We use cookies. Read the Privacy and Cookie Policy

АЛЬЯШ, НЮРКА И «ПОЛЗУНЫ» — ГЛАЗАМИ ДЕТЕЙ

1

Мне довелось видеть пророка. Встреча с ним оказалась для меня драматической, и это потребует подробного описания. Я повествую обо всей этой эпопее ретроспективно, смотрю на нее с высоты прожитых лет, трезвым взглядом взрослого человека. А тогда все воспринимал совершенно иначе.

Хотя рос я в семье атеиста и разделял взгляды отца, это не мешало мне верить в бога. Стоило кому-нибудь меня обидеть, как я уже прятался от людей и молил бога наказать обидчика. Что так оно будет, я нисколько не сомневался.

Я твердо верил в загробную жизнь. Земля представлялась мне чем-то вроде огромного экзаменационного зала, где бог испытывает людей, отбирая лучших из них для дальнейшей жизни. Плохие люди и воры пакостили хорошим людям, портили жизнь вообще, и я мысленно говорил им:

«Вытворяйте, вытворяйте, бог видит все, он для вас приготовил пекло, а для нас рай!»

Отец Владимир на уроках закона божьего красочно расписывал нам загробную жизнь, а у соседей наших — Клемусова Степана и маленького Рыгорулька — имелись библии, в которых эта жизнь представлена была в страшных рисунках, которые потом снились нам, если на них долго смотришь.

Я был уверен: в таком вот огромном котле со смолой будет кипеть учитель Янковский, высмеявший меня перед всем классом за то, что я не знал, как по-польски называется мотылек.

Будет там жариться и старый Тивонюк за то, что травил меня своим кудлатым Рексом за поломанную сливу, и полицейские, не раз забиравшие отца и увозившие куда-то, и тогда нам с Володькой нужно было каждый день очень рано вставать, самим резать солому на корм коровам и кобыле, колоть дрова…

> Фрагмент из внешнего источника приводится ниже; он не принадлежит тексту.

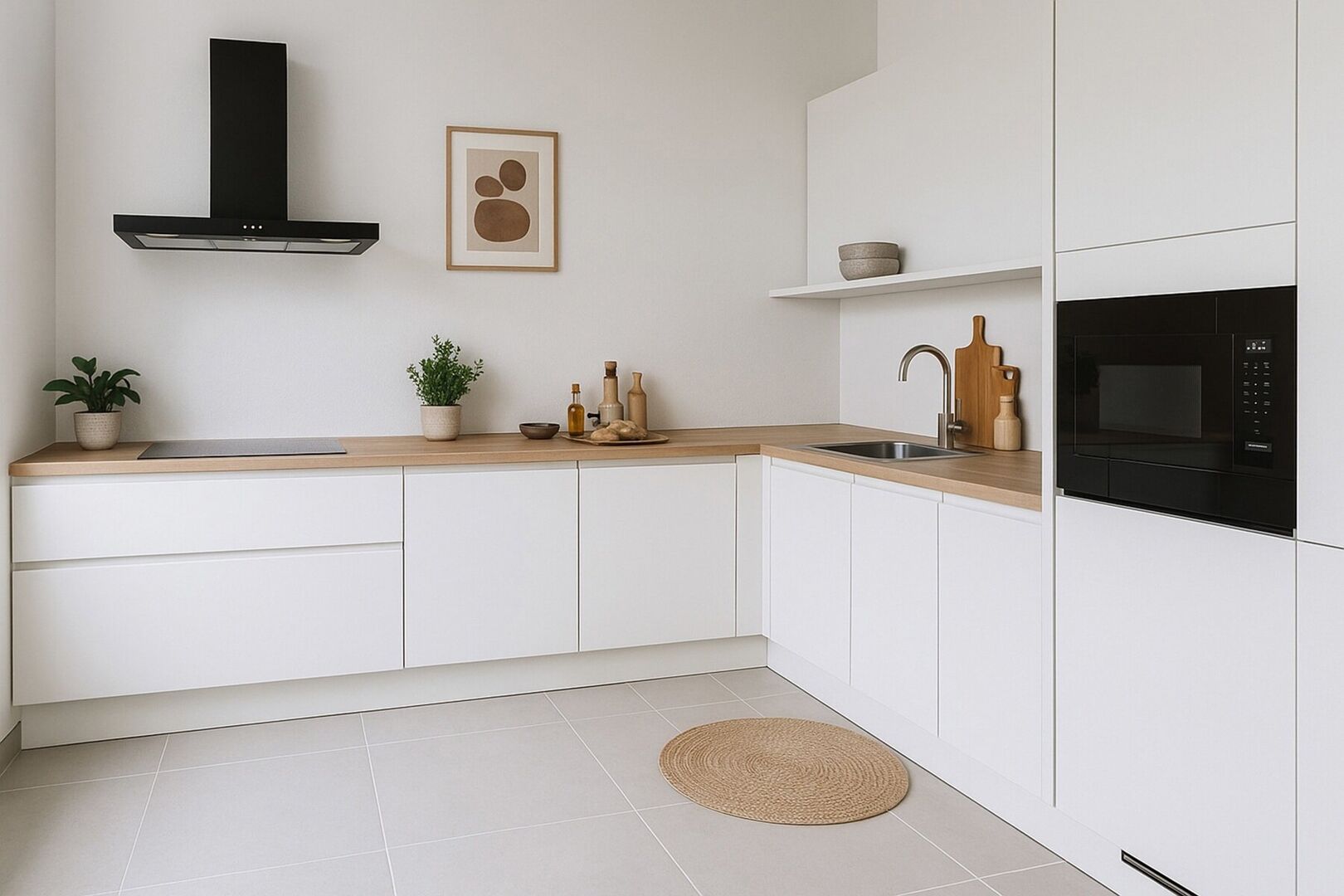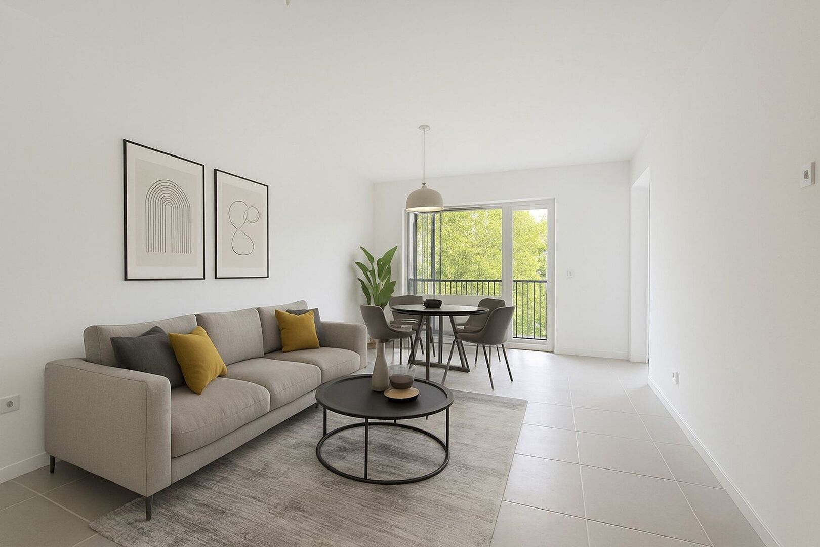 Bij het binnenkomen treft u een ruime inkomhal met apart toilet en vestiairemogelijkheid. De lichtrijke leefruimte (ca. 30 m²) is afgewerkt met een kwalitatieve keramische tegelvloer en sluit naadloos aan op de halfopen, luxueus ingerichte keuken (ca. 11 m²) met natuurstenen werkblad.
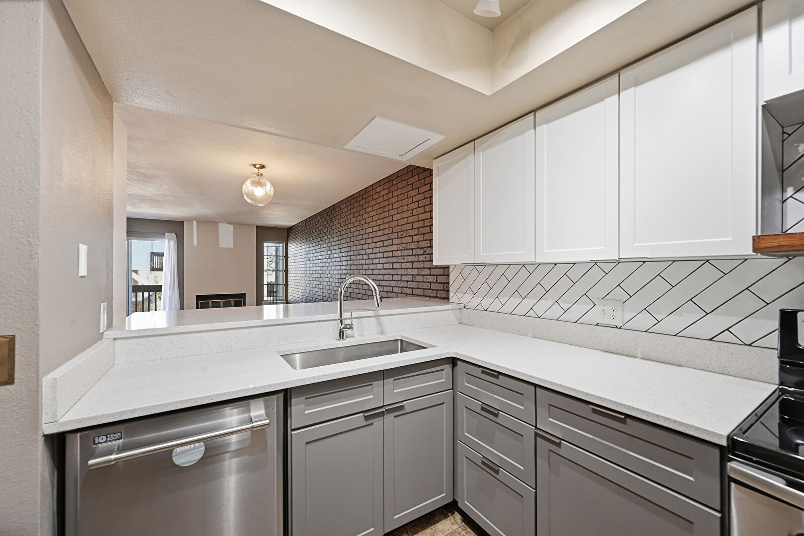Gray Cabinets, Natural Light, Pass Through Window, Shaker Cabinets, Stone Countertops, Stone Finish Floor, Textured Wall, Tray Ceiling, Kitchen Peninsula, Track Lighting

Я хорошо представлял себе, как окруженные во?ронами черти в небесах, сцепившись для большей устойчивости хвостами, наваливают грешников на повозку, как снопы, пересыпают их солью, красными муравьями, змеями да черными пауками, а у ног их сторожат бешеные псы.

Вороны злорадно каркают, бешеные собаки норовят цапнуть какого-нибудь грешника за ягодицы, старый Тивонюк, полицейские, Янковский вопят и просят пощады, но черти неумолимы. Насобирав большущий воз негодяев, часть чертей остается на месте. Опершись на вилы, они выстроились вдоль забора, терпеливо чешут себе копытцами тонкие ноги и жадно глядят, кому броситься на подмогу. Остальные же рогатые погоняют коней к огромному жерлу, из которого дышит смолистым дымом и вырывается пламя и слепит глаза.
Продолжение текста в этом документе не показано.